From the first line to the last, please reproduce the material exactly, skipping the pictures.

RECORDED INFORMATION:
▼

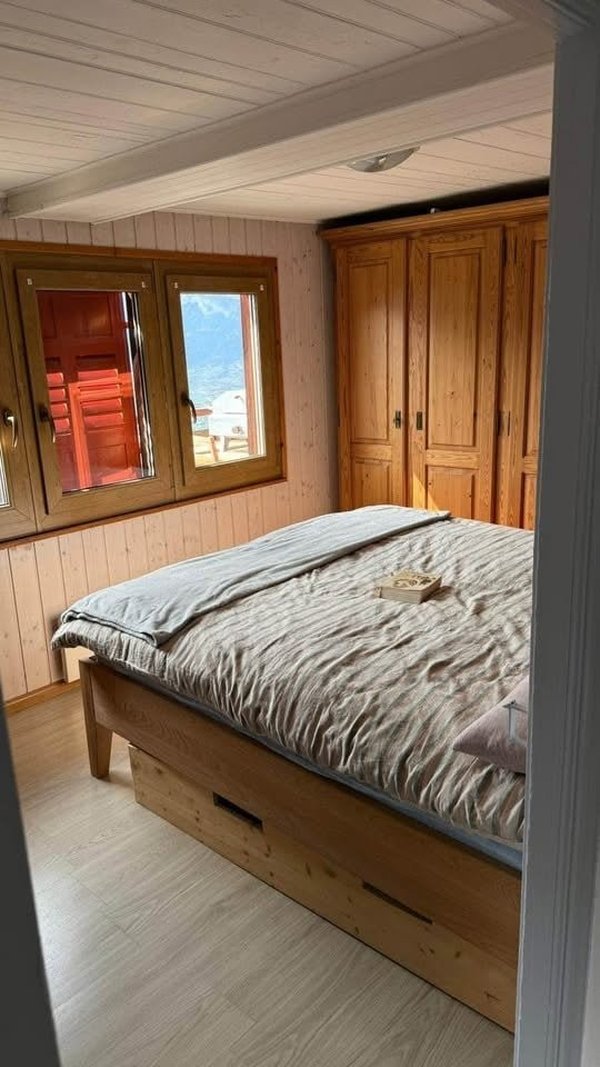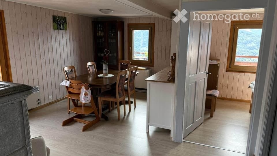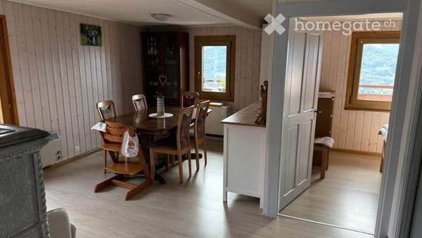 - 1 séjour avec pierre ollaire (se charge depuis la cuisine) et un grand balcon sur toutes les façades sud et ouest (vue à couper le souffle, sur le Val d'Hérens et la vallée du Rhône)
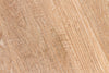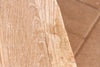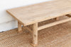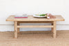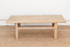 Reconstructed from sturdy reclaimed wood, this unique coffee table carries the rich character of its past, with every grain, knot, and imperfection telling its own unique story. The simple yet impactful "waterfall" or "Parsons" style construction, where the tabletop seamlessly flows into the legs, is a testament to its modern, minimalist design. The wood has a beautiful, natural, light finish, showcasing its stunning grain and rustic texture. This patina, along with its clean lines and robust form, gives the piece a serene, grounded presence that feels both ancient and utterly modern.
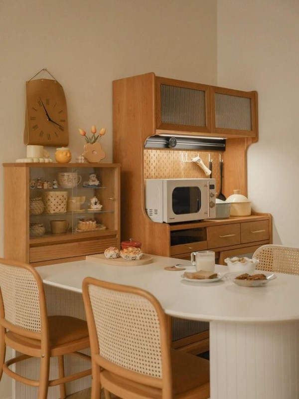 餐桌的内侧放置了一组复古风餐边柜,这款也是屋主精心挑选的,是现在很流行的款式,兼具了储物、展示、吧台等多种功能。

▲

FINISHED EXERCISE:
 - 1 séjour avec pierre ollaire (se charge depuis la cuisine) et un grand balcon sur toutes les façades sud et ouest (vue à couper le souffle, sur le Val d'Hérens et la vallée du Rhône)
 Reconstructed from sturdy reclaimed wood, this unique coffee table carries the rich character of its past, with every grain, knot, and imperfection telling its own unique story. The simple yet impactful "waterfall" or "Parsons" style construction, where the tabletop seamlessly flows into the legs, is a testament to its modern, minimalist design. The wood has a beautiful, natural, light finish, showcasing its stunning grain and rustic texture. This patina, along with its clean lines and robust form, gives the piece a serene, grounded presence that feels both ancient and utterly modern.
 餐桌的内侧放置了一组复古风餐边柜,这款也是屋主精心挑选的,是现在很流行的款式,兼具了储物、展示、吧台等多种功能。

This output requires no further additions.